AMPL let us examine a variety of values produced by a solver as it attempts to find a solution. We can look for the source of the infeasibility by displaying some values associated with this solution.
ampl: display diet.lb, diet.body, diet.ub;
: diet.lb diet.body diet.ub :=
A 700 1993.09 20000
B1 700 841.091 20000
B2 700 601.091 20000
C 700 1272.55 20000
CAL 16000 17222.9 24000
NA 0 40000 40000
;
The value for diet.lb and diet.ub are the "lower bounds" and "upper bounds" on the sum of the variables in the constraints diet[i] – in this case, just the values n_min[i] and n_max[i] ; diet.body is the current sum of the variables. We can see that the diet does not supply enough vitamin B2, while the amount of sodium(NA) has reached its upper bound. If we relax the sodium limit to 50,000 mg, a feasible solution becomes possible:
ampl: let n_max["NA"] := 50000; solve;
CPLEX 2.0: optimal solution; objective 118.0594032
11 iterations (7 in phase I)
ampl: display B
Buy [*] :=
BEEF 5.36061
CHK 2
FISH 2
HAM 10
MCH 10
MTL 10
SPG 9.30605
TUR 2
;
This is at least a start toward a palatable diet, although we have to spend $118.06, compared to $88.20 for the original, less restricted case. Clearly, it would be easy, now that the model is set up, to try many other possibilities. Once still disappointing aspect of the solution is the need to buy 5.36061 packages of beef, and 9.30365 of spaghetti. What if we can only buy whole packages? You might think that we could just round the optimal values to whole numbers, but it is not so easy to do so in a feasible way. Displaying the constraint bounds at the optimum.

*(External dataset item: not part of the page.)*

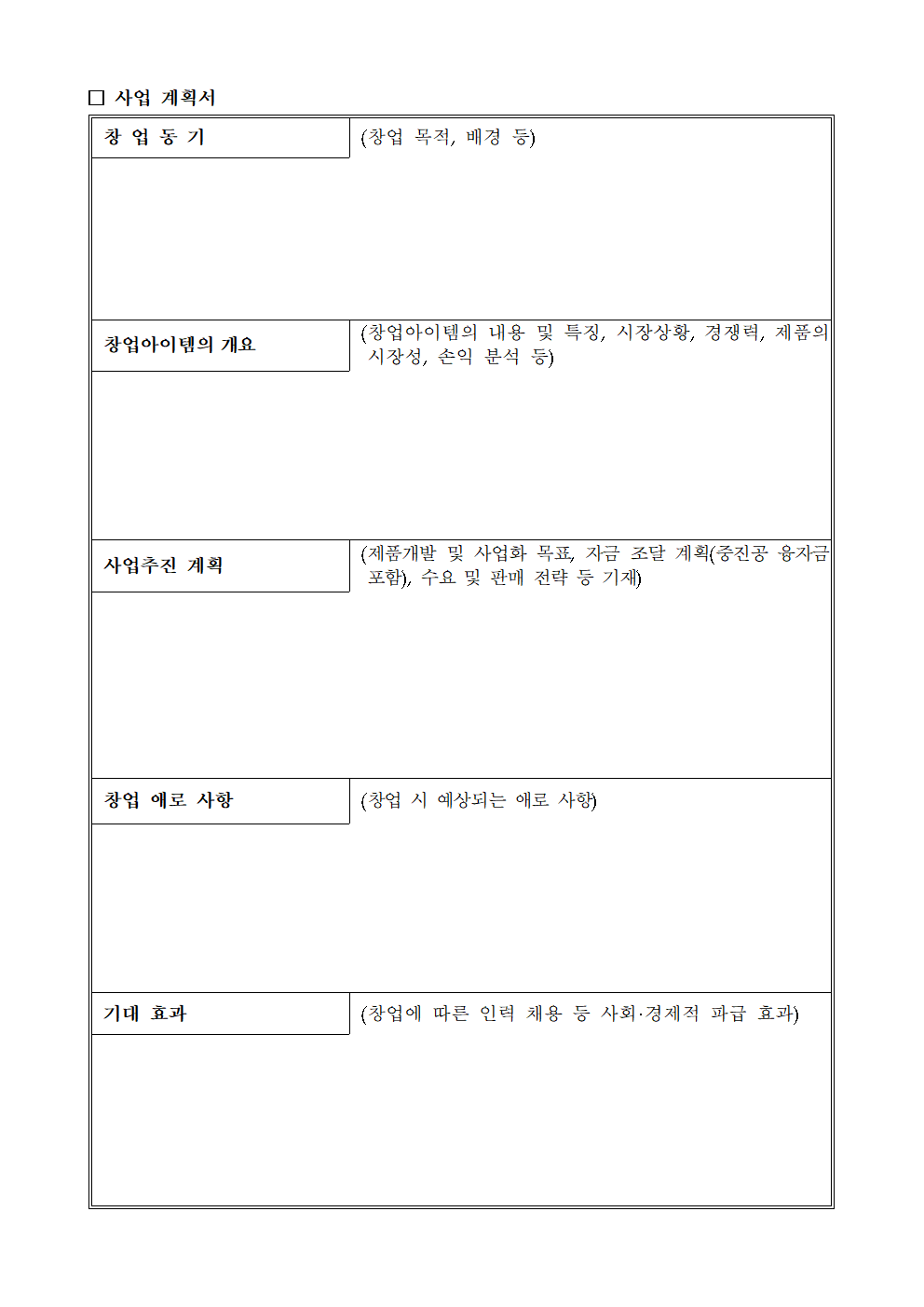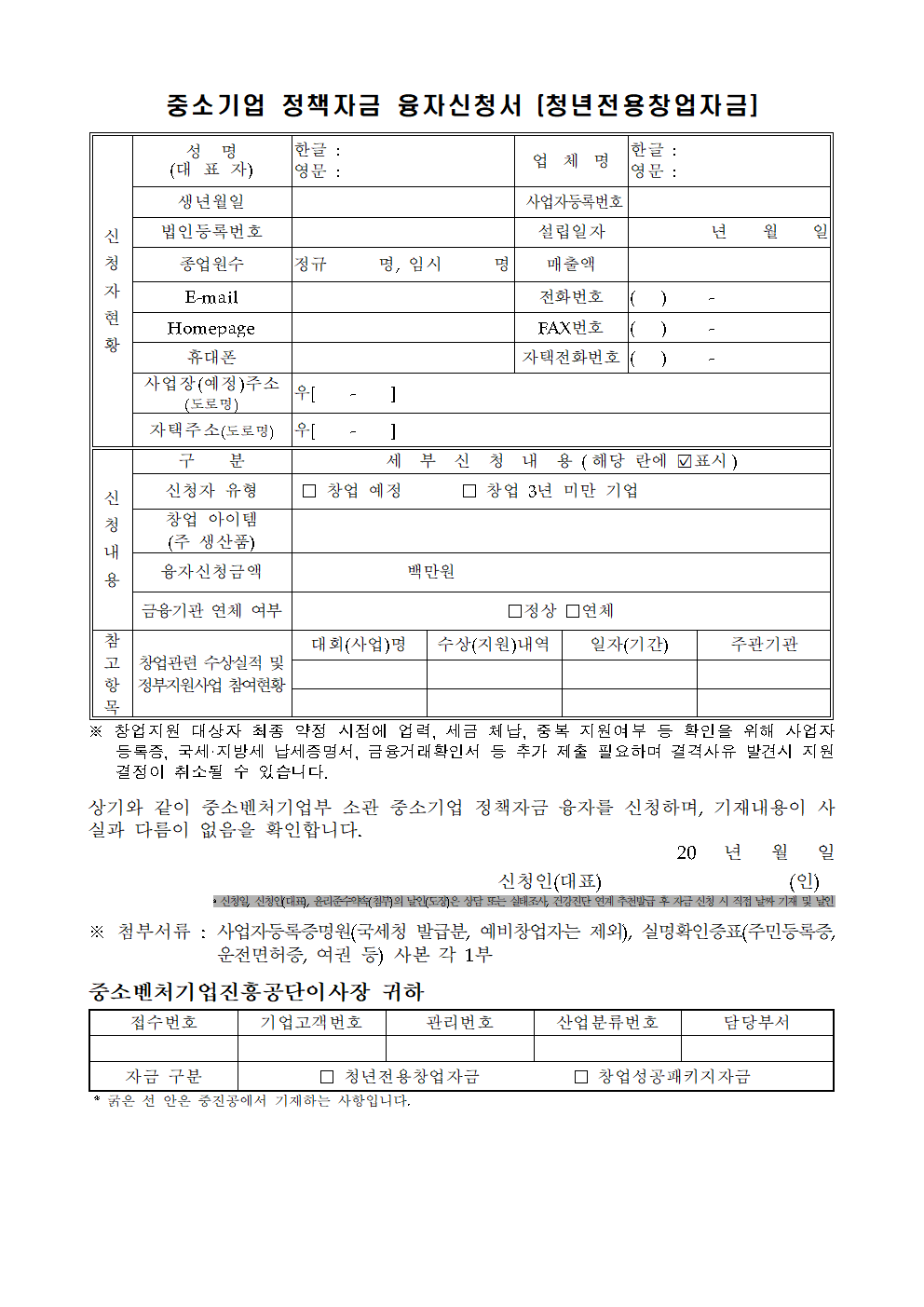 청년창업지원금 신청서 서식 2020년 청년전용창업자금 융자신청서.hwp0.03MB신청서 표지 및 기업현황 작성이 처음이라 어려울 수 있는데 작성요령까지 첨부하니 미리 확인하고 꼼꼼하게 작성하는데 도움이 되길 바랍니다.

ampl: display diet.lb, diet.body, diet.ub;
: diet.lb diet.body diet.ub :=
A 700 1956.29 20000
B1 700 1036.26 20000
B2 700 700 20000
C 700 1682.51 20000
CAL 16000 19794.6 24000
NA 0 50000 50000
;
we see that, for example, 6 packages of beef and 10 packages of spaghetti will violate the sodium limit, while 5 packages of beef and 9 packages of spaghetti provide insufficient vitamin B2. Even if we could find a nearby allinteger solution that satisfies the constraints, there would be no guarantee that it would be the leastcost allinteger solution. AMPL does provide for putting the integrality restriction directly into the declaration of the variables:
var Buy {j in FOOD} integer >= f_min[j], <= f_max[j];
This will only help, however, if you use a solver that can handle socalled integer programs. In general, integrality and other "discrete" restrictions make a model much harder to solve.